- Flag Emblem
- Hōya Location in Japan
- Coordinates: 35°44′54″N 139°34′03″E﻿ / ﻿35.74833°N 139.56750°E
- Country: Japan
- Region: Kantō
- Prefecture: Tokyo Metropolis
- Merged: January 21, 2001 (now part of Nishi-Tōkyō)

Area
- • Total: 9.05 km^{2} (3.49 sq mi)

Population (September 1, 1995)
- • Total: 102,720
- • Density: 11,350/km^{2} (29,400/sq mi)
- Time zone: UTC+09:00 (JST)
- Website: https://web.archive.org/web/20000229133116/http://www.tanasi-hoya.co.jp/hoya/index.html
- Flower: Camellia sasanqua
- Tree: Zelkova serrata

= Hōya, Tokyo =

Hōya (保谷市, Hoya-shi) was a city located in the western portion of Tokyo Metropolis, Japan.

At the time of its merger, the city had an estimated population of 102,720 and a density of 11,350 persons per km^{2}. The total area was 9.05 km^{2}.

The area of modern Hōya was an agricultural region and agricultural products transshipment center for Edo in the premodern period, and was part of ancient Musashi Province. After the Meiji Restoration it came under the jurisdiction of the short-lived prefectures of Shinagawa (1868), Irima (1871), Kumagaya (1873) and Saitama (1876).

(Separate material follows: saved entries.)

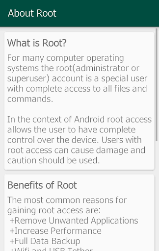 - Check Root - Root Validator also tell you: What is Root? Why you need Root Access? If you don't know about these things.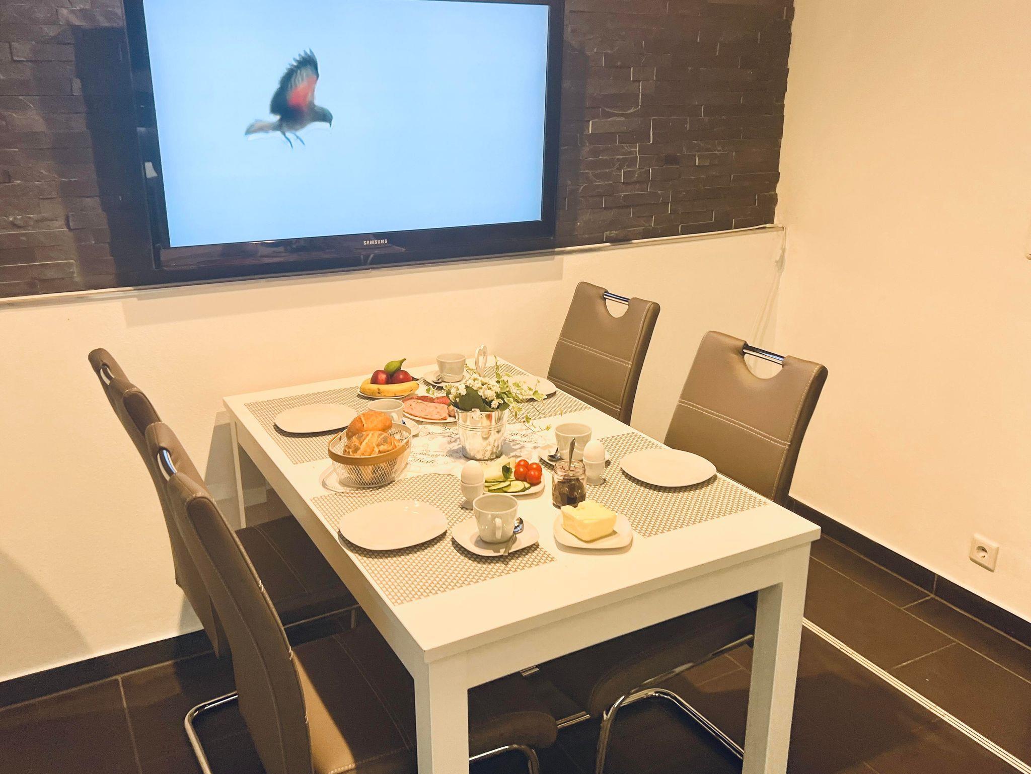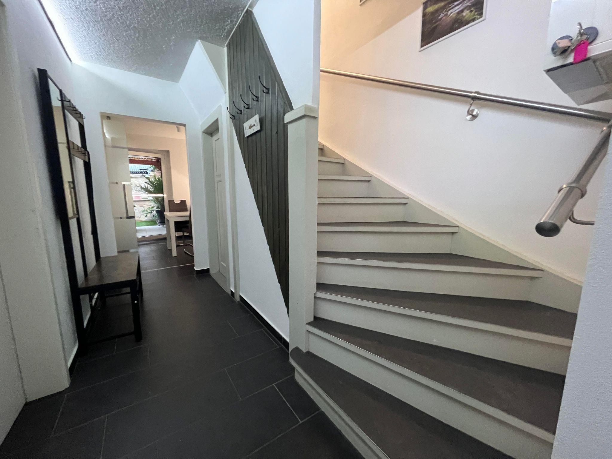 Mit viel Liebe haben wir im Juni 2024 ein ca. 80 m² große Ferienwohung im angrenzenden Reihenhaus für bis zu 4 Gäste + 1 Kleinkind modern eingerichtet. Im Erdgeschoss befindet sich die Wohnküche mir Kochinsel und Esstisch, ein Wohnzimmer sowie ein Gäste-WC. Im Obergeschoss sind zwei Schlafzimmer und das Bad mit Wanne (keine Dusche). Auf der gemütlichen überdachten Terrasse in Richtung Wald, können Sie bei schönem Wetter unter Palmen, duftenden Zitruspflanzen sowie Feigenbäumen entspannen.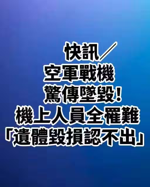 快訊/空軍戰機驚傳墜毀!機上人員全罹難 「遺體毀損認不出」!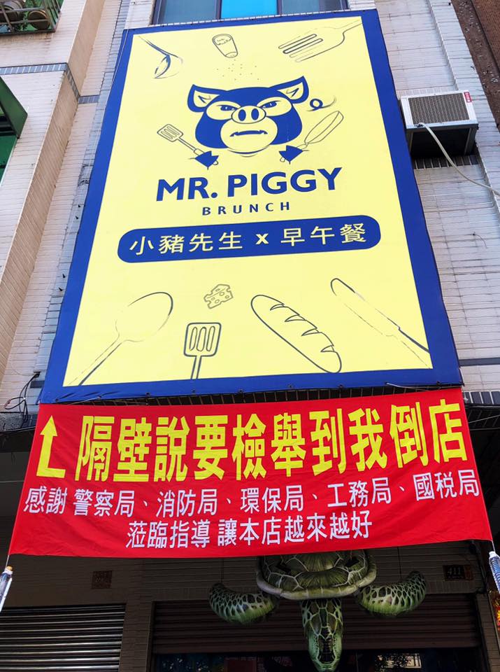 這間「小豬先生×早午餐」昨(3日)在臉書粉專上PO出店門口的照片,只見紅布條上寫著大大的「隔壁說要檢舉到我倒店」,下面更寫:「感謝警察局、消防局、環保局、工務局、國稅局蒞臨指導,讓本店越來越好」,超狂的「5局認證」引起網友熱議,紛紛表示想了解事情始末,老闆對此也做出了回應。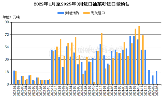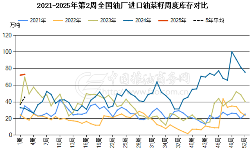 国内市场而言,中国粮油商务网监测数据显示,截止到2025年第2周末,国内进口油菜籽库存总量为73.2万吨,较上周的72.2万吨增加1.0万吨,去年同期为32.3万吨,五周平均为78.8万吨。现阶段油厂菜籽库存依旧处于近年来最高位置,短期国内菜油供应仍然较为充裕,且年前备货基本结束,需求端采购也明显放缓,供需维持宽松局面。不过,加籽反倾销调查仍未落定,市场买船仍显疲弱。据监测显示,1-3月进口菜籽到港预估分别为21万吨、13万吨、19万吨。进口量大幅下滑,菜油供应端压力也同步降低,或对远期市场价格有所支撑。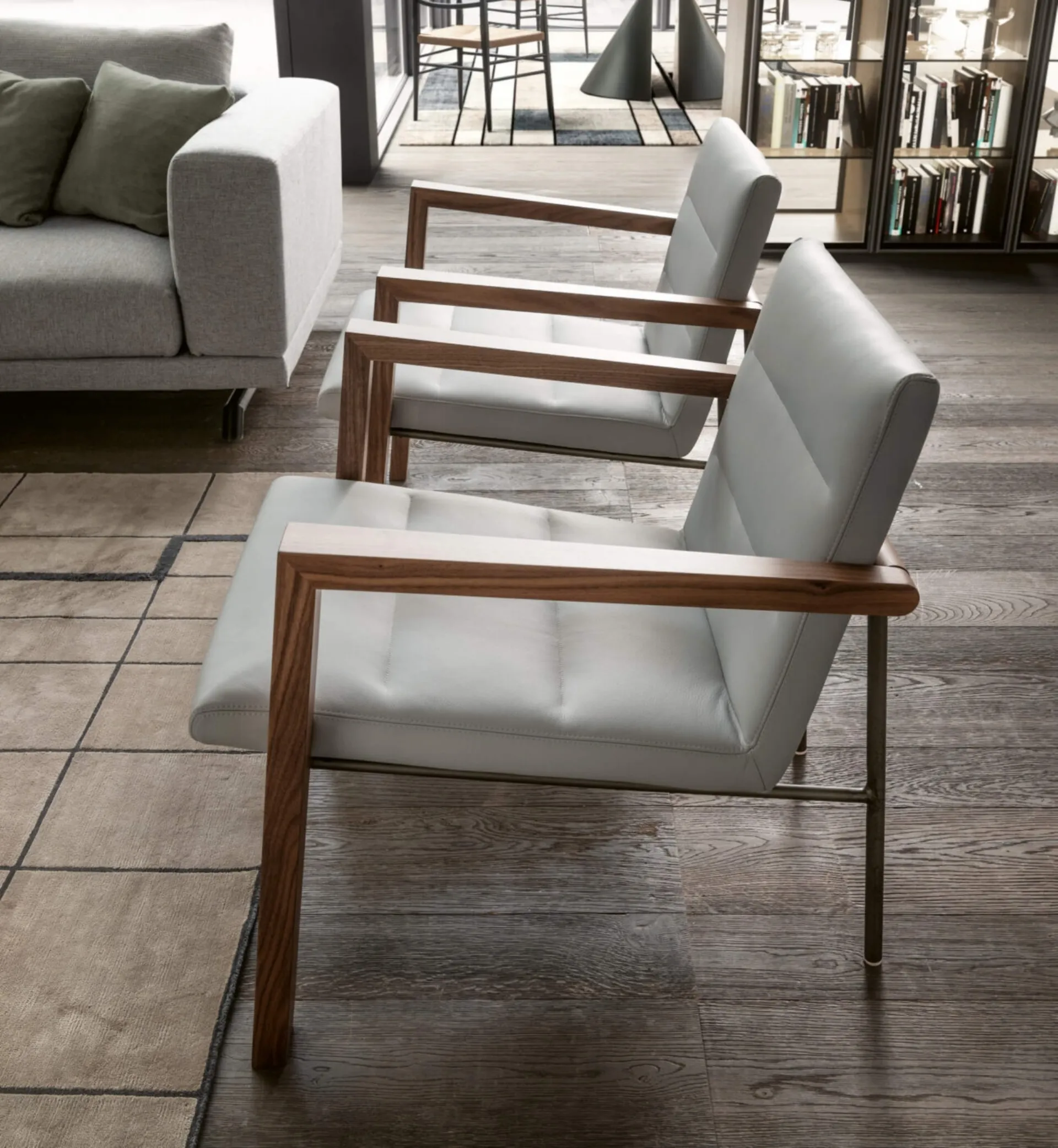 Discover a wide variety of upholstered furniture and you will be able to create the spaces you have always dreamed of. Presotto, a specialist in the creation of leather armchairs and sofas like the model in the photograph. Mimosa armchair by Presotto: be inspired by our modern proposals. Armchairs are a truly essential design element in various rooms, from the living room to the bedroom, environments that should be decorated with care. Upholstered furniture are furnishing modules around which you can enjoy moments of relaxation and socializing.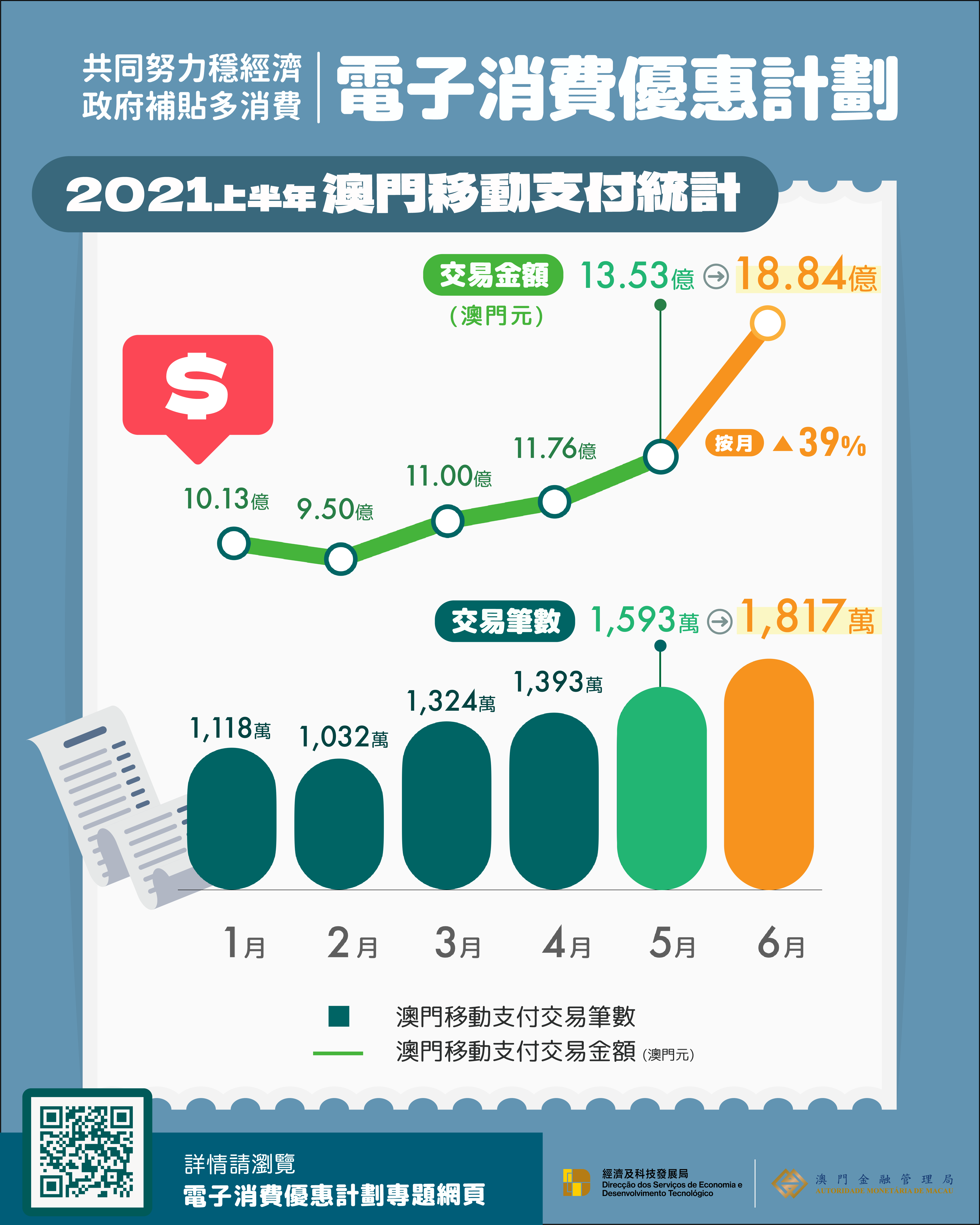“電子消費優惠計劃”自6月起推行,該月的移動支付交易數字與5月相比錄得明顯增長,交易總額按月大幅增長39%。

On April 1, 1889, the villages of Kamihōya, Shimohōya, and Hōya-shinden merged to form the village of Hoya within Niikura District, then a portion of Saitama Prefecture. The district merged with Kitaadachi District in 1896, but subsequently was transferred to the administrative control of Tokyo Metropolis on April 1, 1907. Hōya was connected to central Tokyo by train from 1915. Hoya was elevated to town status in 1940, and to city status in 1967.

On January 21, 2001, Hōya was merged with the neighboring city of Tanashi to create the city of Nishi-Tōkyō, and Hōya thus no longer exists as an independent municipality.